■ YOUR OBJECTIVE
In the listing beneath this line, copy exactly the lines starting with the one containing "左胸 貪吃熊 男女短袖T恤 淺粉色 日文文青禮物幽默" and going on through the one containing "Dieses Leseheft beinhaltet".

■ TASK DATA
- - -

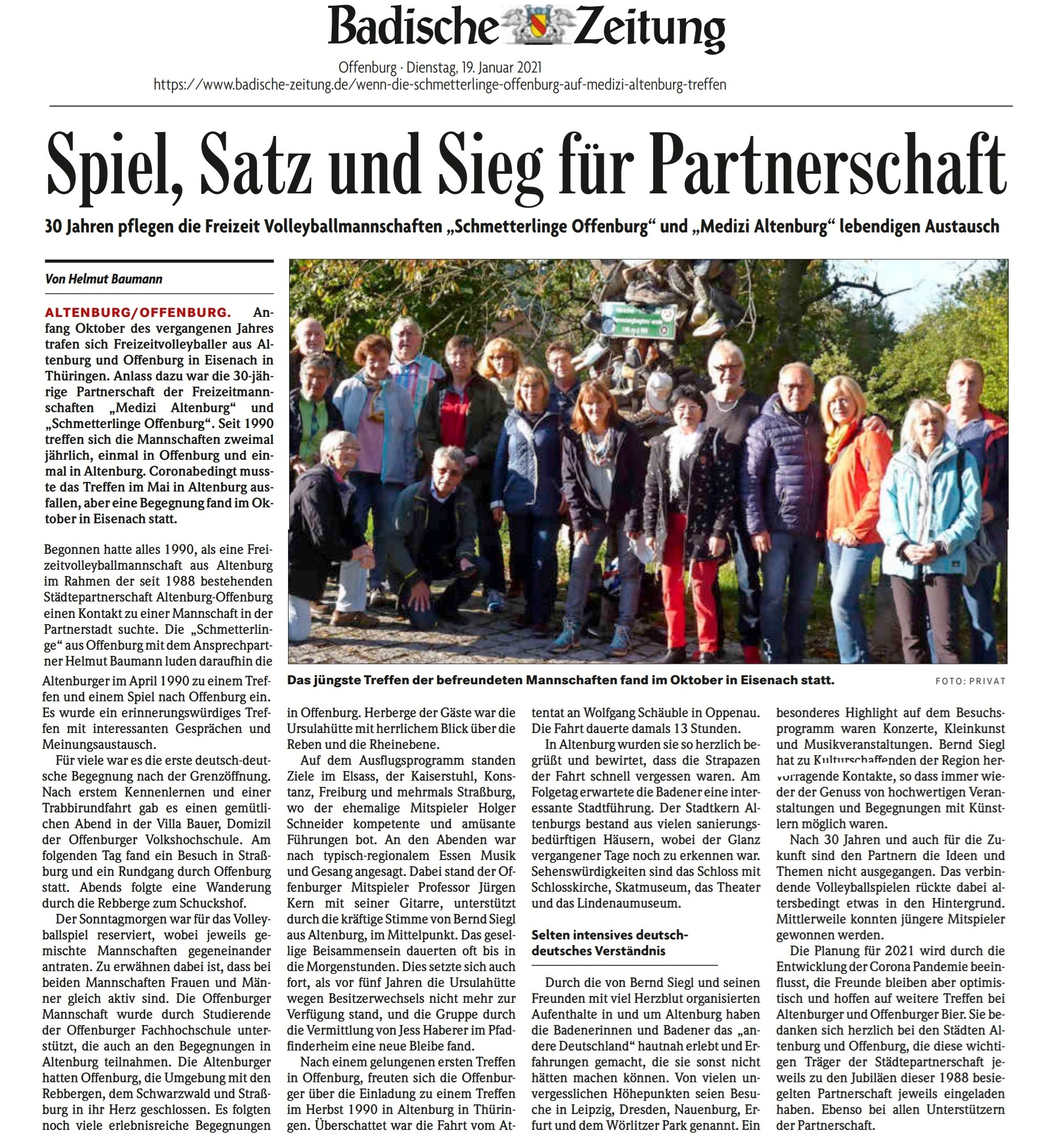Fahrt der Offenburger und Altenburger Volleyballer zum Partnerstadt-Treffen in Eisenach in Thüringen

- - -

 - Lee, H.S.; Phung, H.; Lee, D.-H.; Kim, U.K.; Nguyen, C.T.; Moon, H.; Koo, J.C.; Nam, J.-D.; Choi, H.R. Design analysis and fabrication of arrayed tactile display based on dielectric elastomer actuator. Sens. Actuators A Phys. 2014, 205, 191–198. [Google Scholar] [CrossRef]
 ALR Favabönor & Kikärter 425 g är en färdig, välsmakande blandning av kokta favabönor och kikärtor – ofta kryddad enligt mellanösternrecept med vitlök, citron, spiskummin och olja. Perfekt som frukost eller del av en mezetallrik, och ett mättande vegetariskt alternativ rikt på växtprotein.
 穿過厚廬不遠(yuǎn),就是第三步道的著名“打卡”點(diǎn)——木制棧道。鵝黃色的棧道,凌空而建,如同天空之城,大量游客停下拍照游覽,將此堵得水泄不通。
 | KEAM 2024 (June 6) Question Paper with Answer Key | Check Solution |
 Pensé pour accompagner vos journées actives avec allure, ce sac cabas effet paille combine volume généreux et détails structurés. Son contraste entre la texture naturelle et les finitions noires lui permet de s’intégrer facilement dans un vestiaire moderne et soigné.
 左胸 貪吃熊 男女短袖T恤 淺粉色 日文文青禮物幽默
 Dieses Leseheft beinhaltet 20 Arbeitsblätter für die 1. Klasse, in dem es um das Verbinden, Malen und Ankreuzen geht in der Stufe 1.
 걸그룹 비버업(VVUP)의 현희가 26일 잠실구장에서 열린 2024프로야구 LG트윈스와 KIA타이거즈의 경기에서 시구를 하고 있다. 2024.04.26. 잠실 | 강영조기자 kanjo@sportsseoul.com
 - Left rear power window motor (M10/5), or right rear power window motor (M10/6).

- - -

■ OUTPUT OF THE EXERCISE
 左胸 貪吃熊 男女短袖T恤 淺粉色 日文文青禮物幽默
 Dieses Leseheft beinhaltet 20 Arbeitsblätter für die 1. Klasse, in dem es um das Verbinden, Malen und Ankreuzen geht in der Stufe 1.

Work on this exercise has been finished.